Rendering and Capture Control Layer
The rendering and capture control layer provides standardized control over the audio output level and audio input gain of a device, independent of the content being played.
Volume Control Profile (VCP)
VCP defines a Volume Renderer (which exposes volume state and accepts remote control) and a Volume Controller (which discovers and controls the renderer). VCP depends on the following GATT services:
Service |
Required |
Description |
|---|---|---|
Volume Control Service (VCS) |
Mandatory |
Exposes volume setting (0–255), mute state, and a volume control point for absolute or relative volume changes. |
Volume Offset Control Service (VOCS) |
Optional |
Allows per-output volume offset adjustment (e.g., different offsets for left and right channel outputs).

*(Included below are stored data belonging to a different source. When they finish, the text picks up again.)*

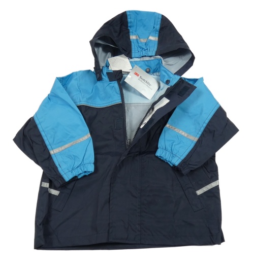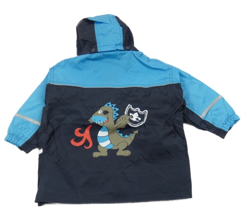Nové - Tmavomodro-tyrkysová šusťáková nepromokavá bunda s drakem a kapucí Papagino
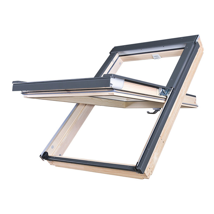 Мансардное окно со среднеповоротным открыванием FAKRO — самая популярная конструкция окна для крыши. Благодаря фрикционным петлям, располагающимся в ее центральной части, створку можно оставлять в позиции наклона, а также поворачивать вокруг оси на 180°, что значительно облегчает мытье внешнего стекла.
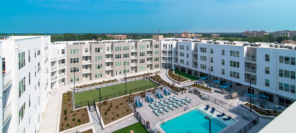 Vida is a 280-unit apartment complex and mixed-use facility located near Charlotte in Kannapolis, North Carolina. It consists of 4-and 5-story wood frame buildings and a 2-story cast-in-place concrete parking structure that can accommodate up to 406 cars. Amenities include a bike storage room, saltwater pool, indoor/outdoor fitness center, clubhouse, and lounge. The mixed-use development also features 20,000 SF of retail space. This project is part of a greater redevelopment of the City’s downtown historic district.

A VCS may include one or more VOCS instances. |
Audio Input Control Service (AICS) |
Optional |
Allows control of audio input gain and mute state for one audio input (e.g., microphone). A VCS may include one or more AICS instances. |
Microphone Control Profile (MICP)
MICP defines a Microphone Device (which exposes microphone state) and a Microphone Controller (which discovers and mutes/unmutes it). MICP depends on the following GATT services:
Service |
Required |
Description |
|---|---|---|
Microphone Control Service (MICS) |
Mandatory |
Exposes the microphone mute state and a mute control point. Present on the Microphone Device. |
Audio Input Control Service (AICS) |
Optional |
Allows control of audio input gain for specific inputs. A MICS may include one or more AICS instances. |
Note
AICS is a shared service: it can be included by both VCS (as part of VCP) and MICS (as part of MICP), each as independent instances with separate handles.
Transition and Coordination Control Layer
The transition and coordination control layer is the top of the GAF. It coordinates audio procedures across multiple devices acting as a group (e.g., a pair of TWS earbuds, or a room of speakers).
Common Audio Profile (CAP)
CAP is the top-level profile that defines how a single initiating device can coordinate audio operations (stream setup, volume control, microphone control) across one or more target devices. It defines three roles:
CAP Acceptor — A device that accepts audio streams and volume/microphone control from a CAP Initiator or Commander. A CAP Acceptor shall support BAP Unicast Server or BAP Broadcast Sink (or both), and VCP Volume Renderer. MICP Microphone Device is optional.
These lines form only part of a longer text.